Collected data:
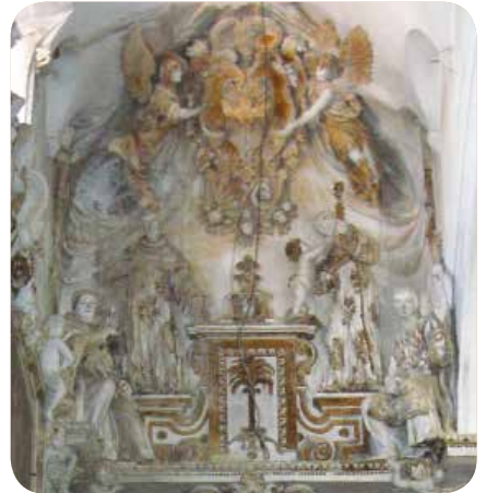
41 Ciminna, Mother Church. Drapery over the Tribune

The simulation of sumptuous fabrics of the era in the “drapes” and “canopies” suspended by groups of angels, in order to conceal the naked wall surface, becomes a prelude – typical of Baroque art – of the need to meticulously fill empty spaces ( horror vacui ).
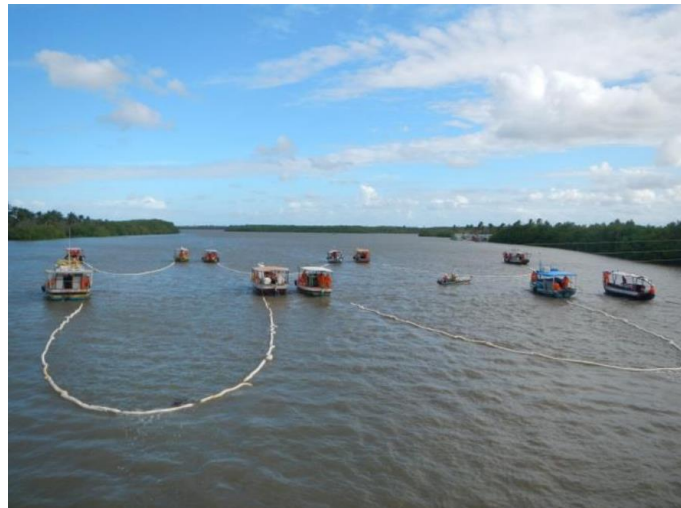
Figure 4 – Equipment deployment during VoOs practical training sessions.

Vessels and crew were sorted according to the assigned response tactics (e.g., oil deflection, oil recovery, protection with sorbent material etc.) and were provided with different types of training.
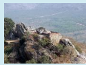
Gridhrakuta Hill (Vultures Peak)
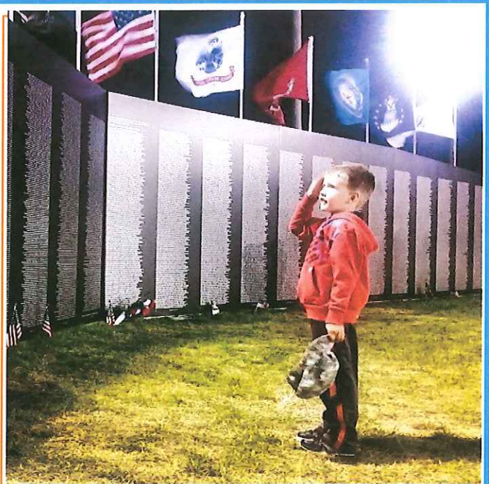
A young boy pays tribute at the Memorial Wall when it passed through Imperial.
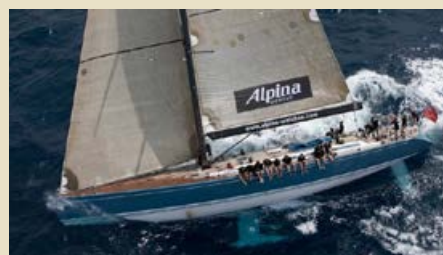
ALPINA Swan 82 24.89m 2001/2011 Location: South France 1,700,000 €
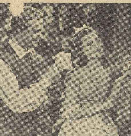
"What! Mademoiselle can actually wash her own linen?"

Marianne is unable to cope with Charles' sardonic laughter. The night there is a terrible storm and they are all cast on an island. Marianne, angry at Charles' domineering manner, tries using passive resistance against all his orders but he threatens to have his first henchman give her a spanking.
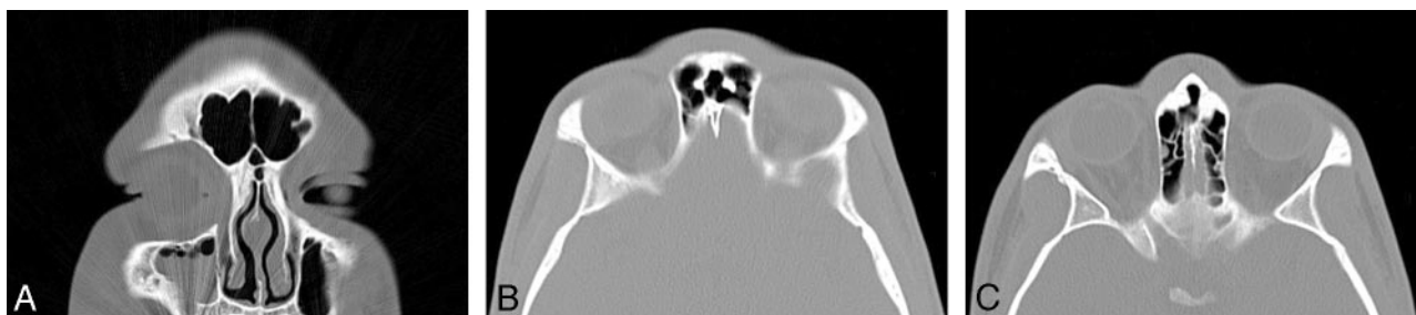
Fig 3. Coronal (A) and serial axial (B, C) noncontrast CT scans of the paranasal sinuses show 2 air cells within the intersinus septum. On the coronal image, the cells seem to arise within the septum. However, on the axial images, 1 cell is a diverticulum from the left frontal sinus (B), and the other cell is a diverticulum from the right frontal sinus (C).
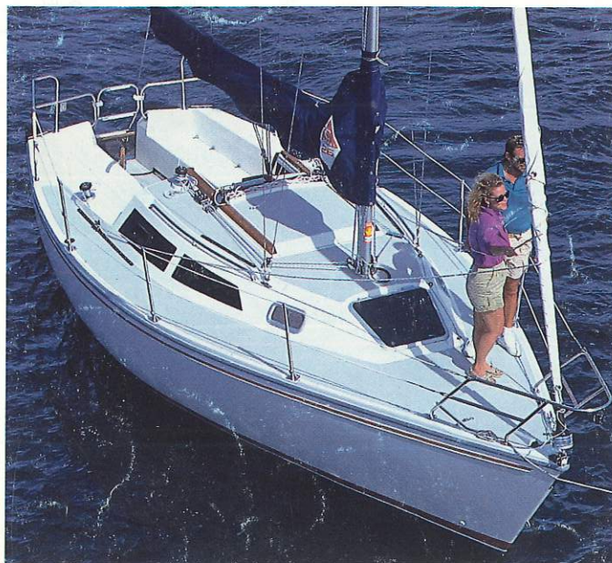
Photos and drawings may show optional equipment. Refer to current price sheet for standard equipment list and specifications.
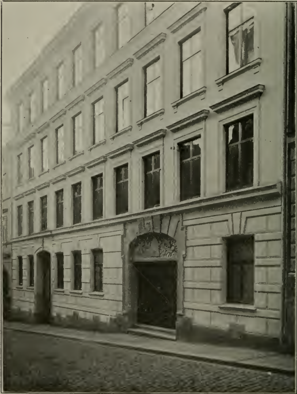
STOCKHOLM, SWEDEN, MISSION HOUSE.

That I had my hands full on this mission, I suppose everyone
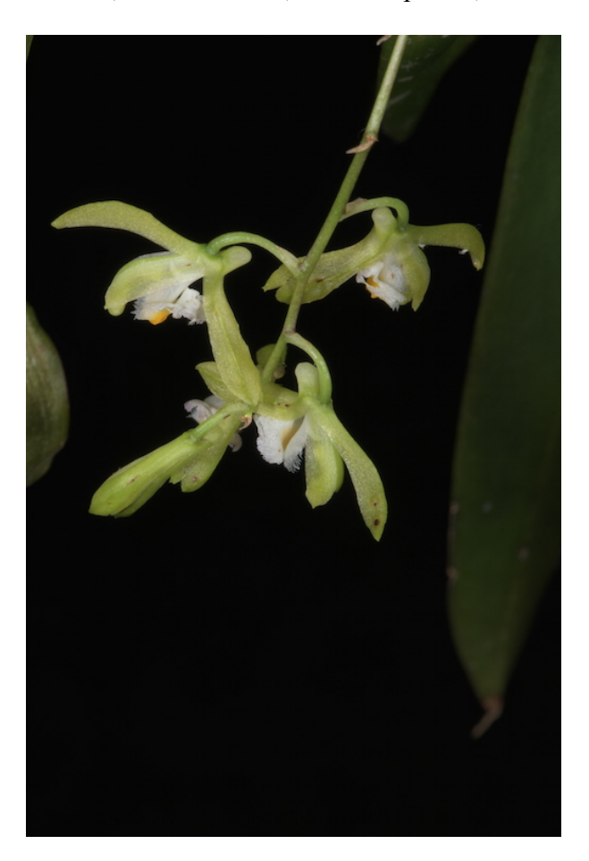
Scelochilus colombianum Uribe-Velez and Sauleda.

Plant epiphytic, semi-erect, caespitose; roots slender, flexuous; pseudobulbs cylindrical, to 2 cm long, 4 mm wide; base with 2-3 foliaceous sheaths, concealed at the base by the bases of 2—3 foliaceous sheaths, obovate, acute, to 1.8 cm long, 1 cm wide; leaves flattened to slightly conduplicate, petiolate, coriaceous, linear oblong, subacute, lanceolate, petiole to 5 mm long; inflorescence lateral, to 5-flowered, peduncle arching, terete, to 6 cm long, with 4-5 conduplicate, lanceolate, acute bracts, to 3 mm, long, 1 mm wide; floral bracts ovate, acute, to 3 mm long, 2 mm wide; ovary pedicelate to 1 cm long; sepals green, dorsal sepal oblanceolate, subacute, concave, to 1 cm long, 4 mm wide, reclined over column, lateral sepals connate for 8 mm into a concave synsepal, to 1.0 cm long, 6 mm wide, apexes subacute, extending at the base into a sepaline, saccate, obtuse spur, to 3 mm long; petals pale green, linear elliptic, subacute, slightly concave, clasping column, to 9 mm long, 3 mm wide; labellum 3-lobed, oblanceolate, to 1.3 cm long, 6 mm wide, basally canaliculate, with two acute lateral protrusions, to 1.0 mm wide, lateral lobes elliptic, to 5 mm long, fimbriated, midlobe orbicular, to 6 mm wide, emarginate, apex bent under causing the bilobed yellow callus to protrude; column terete with two thin lateral wings toward the apex, to 12 mm long, 3 mm wide; stigma transverse oval, to 3 mm wide; anther cap oval, to 1.2 mm wide.

What you are asked to do: Search the entries above for the word "training" and copy each line where it appears.

Response box:
Figure 4 – Equipment deployment during VoOs practical training sessions.
Vessels and crew were sorted according to the assigned response tactics (e.g., oil deflection, oil recovery, protection with sorbent material etc.) and were provided with different types of training.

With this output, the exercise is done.